Светицкий покраснел.
— Отчего же, съездим как-нибудь! — ответил он. — Скучно только там очень… Вообще Сонечка — не моя героиня… — не без некоторого усилия дополнил он.
— Ого?! — воскликнул Курденко. — Браво! Мы начинаем прозревать!
— Нет, в самом деле! — продолжал Светицкий. — Она очень милая и хорошенькая барышня, но нет в ней ничего возвышенного, глубокого…
— Как у Леонидовой?… — в тон ему вставил Возницын и расхохотался. — Эх вы, птенчик, и тут идеализировать уже начинаете?
— О, изменник! О, противный мужчинка! — произнес, качая головой, Радугин.
— Ничего я не идеализирую, а говорю только о том, что вижу. И совсем не изменяю никому!
— Нет, пентауровское полено его таки крепко зашибло! — заявил, поглядев на него, Костиц. — Ну-ка, выворачивай душу, млад-вьюнош!
— Сознаться, оно всегда лучше… — сказал Курденко.
— Не в чем мне сознаваться, убирайтесь вы!… — буркнул под общий смех Светицкий и поспешил улизнуть от развеселившихся товарищей.
В домике у Шилина с утра заседала целая компания: были здесь Зайцев, Агафон со Стратилатом, Белявка и Тихон.
Стратилат повествовал, как они с Агафоном бегом помчались вчера из театра, сшибли с ног впотьмах по дороге какого-то прохожего, затем Агафон перемахнул через забор, влез через окно в свою горенку и только что успел улечься в постель — раздался стук в наружную дверь.
Стряпка пошла отворять, и через минуту-другую в комнату Агафона с поднятой свечой в руке вступил полураздетый отец Михей и за ним матушка с остальными домочадцами.
— Да он здесь? — произнес отец Михей.
— Не он: это чучело на кровати положено! — взволнованно ответила Маремьяна Никитична, отстраняя мужа; она подошла к кровати и сдернула с лица спавшего одеяло.
— Ну он и есть… — сказал отец Михей. — Что тебе пригрезилось?
Матушка стояла, выпучив и без того огромные глаза свои.
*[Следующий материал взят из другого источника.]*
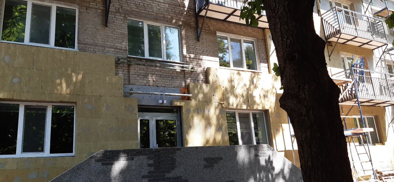 - Exterior insulation of the facade with 100 mm thick mineral insulation. The total area of insulation was 900 m2.
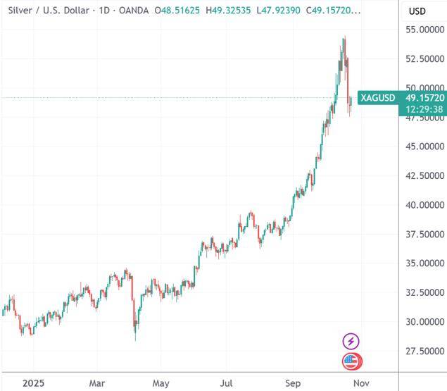 作为背景,现货白银上周创出每盎司54美元的历史新高,即便在近几日调整后,年内涨幅仍接近70%。
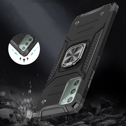 For Samsung Galaxy Note 20 Armor Hybrid with Ring Stand Holder Kickstand Shockproof Heavy-Duty Durable Rugged 2in1 Black Phone Case Cover
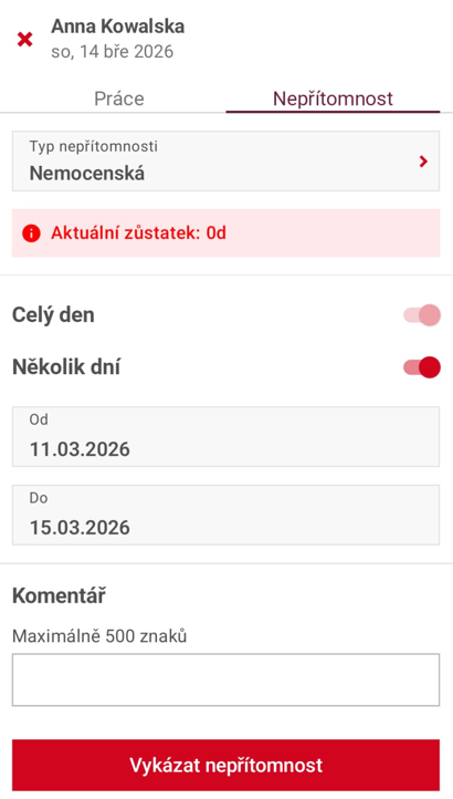 Mobilní prostředí pro vytváření absencí nyní obsahuje chytřejší filtrování typů absencí a jasnější viditelnost zůstatků, sladěnou s nastavením webu.
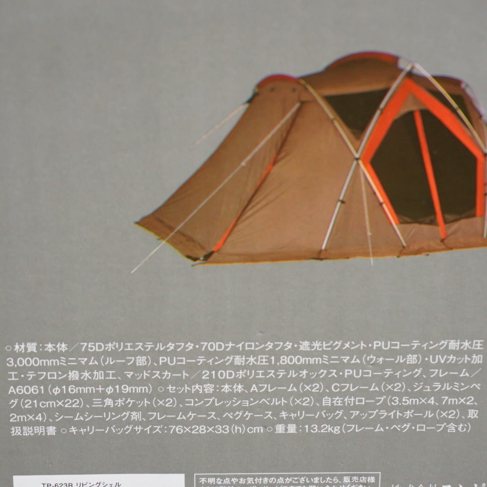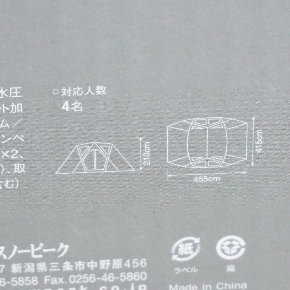 | 付属品 | 収納ケース、外箱 説明書、ジュラルミンペグ(21cm×22本)、コンプレッションベルト×2本、自在付ロープ(3.5m×4、7m×2、2m×4)、シームシーリング剤、フレームケース、ペグケース、キャリーバッグ |
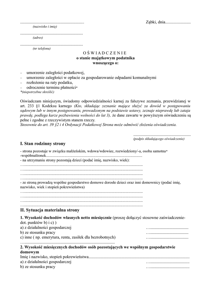 ............................................................ Ząbki, dnia........................ (nazwisko i imię) ........................................................... (adres) ........................................................... (nr telefonu) O ŚWIAD C ZEN I E o stanie majątkowym podatnika wnoszącego o: umorzenie zaległości podatkowej, umorzenie zaległości w opłacie za gospodarowanie odpadami komunalnymi rozłożenie na raty podatku, odroczenie terminu płatności* *(niepotrzebne skreślić) Oświadczam niniejszym, świadomy odpowiedzialności karnej za fałszywe zeznania, przewidzianej w art. 233 §1 Kodeksu karnego (Kto, składając zeznanie mające służyć za dowód w postępowaniu sądowym lub w innym postępowaniu, prowadzonym na podstawie ustawy, zeznaje nieprawdę lub zataja prawdę, podlega karze pozbawienia wolności do lat 3), że dane zawarte w powyższym oświadczeniu są pełne i zgodne z rzeczywistym stanem rzeczy. Stosownie do art. 39 §2 i 4 Ordynacji Podatkowej Strona może odmówić złożenia oświadczenia. ...................................................... (podpis składającego oświadczenie) I. Stan rodzinny strony - strona pozostaje w związku małżeńskim, wdowa/wdowiec, rozwiedziony/-a, osoba samotna * -współmałżonek................................................................................................... - na utrzymaniu strony pozostają dzieci (podać imię, nazwisko, wiek): ….......................................................................................................................... ….......................................................................................................................... ….......................................................................................................................... ….......................................................................................................................... - ze stroną prowadzą wspólne gospodarstwo domowe dorosłe dzieci oraz inni domownicy (podać imię, nazwisko, wiek i stopień pokrewieństwa) ….......................................................................................................................... ….......................................................................................................................... ….......................................................................................................................... ….......................................................................................................................... II. Sytuacja materialna strony 1. Wysokość dochodów własnych netto miesięcznie (proszę dołączyć stosowne zaświadczeniedot. punktów b) i c) ) a) z działalności gospodarczej ….................................... b) ze stosunku pracy ….................................... c) inne ( np. emerytura, renta, zasiłek dla bezrobotnych) ….................................... …..................................................................................... 2. Wysokość miesięcznych dochodów osób pozostających we wspólnym gospodarstwie domowym Imię i nazwisko, stopień pokrewieństwa............................................................................................... a) z działalności gospodarczej …..................................... b) ze stosunku pracy …..................................... c) inne ( np. emerytura, renta, zasiłek dla bezrobotnych) …..................................................................................... …..................................... Imię i nazwisko, stopień pokrewieństwa............................................................................................... a) z działalności gospodarczej …..................................... b) ze stosunku pracy …..................................... c) inne ( np. emerytura, renta, zasiłek dla bezrobotnych) …..................................... …..................................................................................... Imię i nazwisko, stopień pokrewieństwa............................................................................................... a) z działalności gospodarczej …..................................... b) ze stosunku pracy …..................................... c) inne ( np. emerytura, renta, zasiłek dla bezrobotnych) …..................................... …..................................................................................... 3. Posiadany majątek (nieruchomości gruntowe i budynki, własność/współwłasność, środki transportu i inne rzeczy o znacznej wartości) dom jednorodzinny …............................................................................................................................ …............................................................................................................................................................ mieszkanie spółdzielcze lokatorskie...................................................................................................... …............................................................................................................................................................ mieszkanie spółdzielcze własnościowe.................................................................................................. …............................................................................................................................................................ mieszkanie komunalne o powierzchni................................................................................................... …............................................................................................................................................................ mieszkanie własne o powierzchni................................................
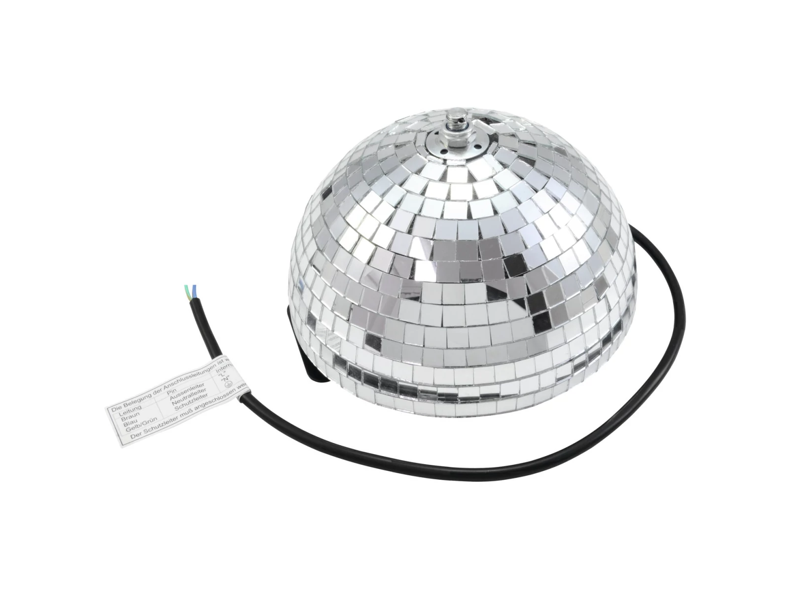 The classic light effect of the 70s and 80sNo party without a disco ball! Its simple design and affordable price make the disco ball a popular decoration classic used to create fascinating plays of light on the dance floor. For locations with limited space, this half mirror ball is a good alternative to the classic disco ball which is even easier to handle and fasten.This model in professional quality has a diameter of 20 cm, is covered with countless small mirrors and is delivered with power cord and safety plug. The integrated motor rotates the ball evenly and slowly at 2.5 rotations per minute and is particularly economical with a consumption of only 3.5 watts. This makes the ball ideal for decorations in clubs, bars, dance schools, shop windows and party rooms of any kind!
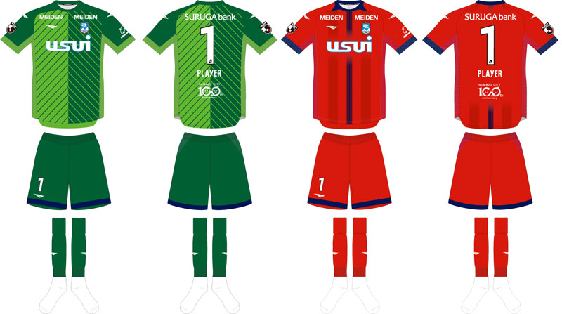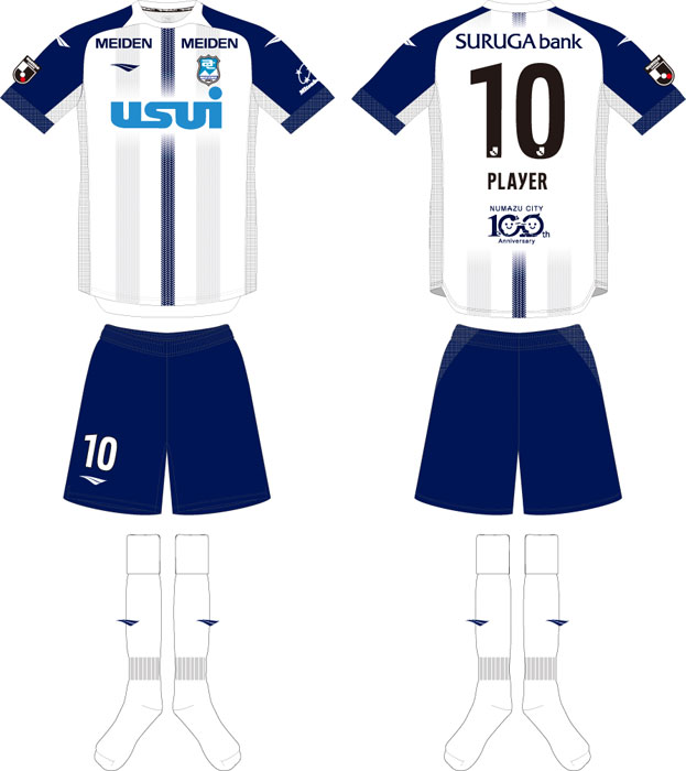 現時点での各部スポンサーは、胸に「USUI(臼井国際産業)」、背中上に「スルガ銀行」、背中下に「沼津市(市制100周年記念ロゴ)」、左右鎖骨に「MEIDEN(明電舎)」、左袖に「三ツ星不動産サービス」。

Агафон сделал вид, якобы проснулся, протер глаза руками и сел.
— Что надо? — спросил он.
— Где ты был? — грозно спросила Маремьяна Никитична.
— Дома… — ответил Агафон и в ту же секунду получил оглушительную затрещину.
— И рожу дома накрасил?! — возгласила матушка, закатывая ему с другой руки такой же гостинец.
Тут только Агафон вспомнил, что он забыл разгримироваться.
Произошел «вопль и крик мног», по выражению Стратилата, кончившийся тем, что Агафон заявил, что он намерен совсем уйти в актеры, и затем немедленно должен был спасаться бегством в окно от ухватившей железную кочергу родительницы.
Слушатели, за исключением Зайцева и самого Агафона, хватались за бока и хохотали; особенно ржал и гоготал Тихон.
— Да ты что — видал разве? — спросил Шилин рассказчика.
— Я ж под окном сидел: любопытно ведь! — ответил тот. — Высунулась это она наружу, да и кричит ему вслед: «И Стратилатке твоему весь пучок выдерну — пусть только попадется на глаза!» А я встал да и говорю: «Извините, матушка, я и без вас уж обстригся!» — и он провел под общий смех ладонью по голове.
Тут только заметили все, что пучка, всегда красовавшегося у него на затылке и перевязанного белою тряпочкой, не было. Тихон даже завыл от удовольствия и шлепнул себя по ляжкам.
— Впрямь, стало быть, совсем порешил с духовным званием? — сказал Шилин.
— Совсем! — отозвался Стратилат. — Будет с меня, попел на все на двенадцать гласов, теперь на один свой петь буду!
— А ты, Агафон Михеич? — обратился хозяин к молча сидевшему бурсаку.
— И Агаша со мной! — ответил за него Стратилат. — Черт нас с ним веревочкой связал: вместе горе мыкать будем. Так, что ли, Агаша? — И он треснул по плечу товарища.
— Видно так… — отозвался тот.
— Без хлеба не будем сидеть! — продолжал Стратилат. — Эка меды какие, подумаешь, у попов разведены? Послаще их найдутся! Что тут: поп да дьячок и цена им пятачок!
— Дело, ребята, дело! — поддержал хозяин. — Нечего вам здесь киснуть, идите в Москву: толк из вас выйдет!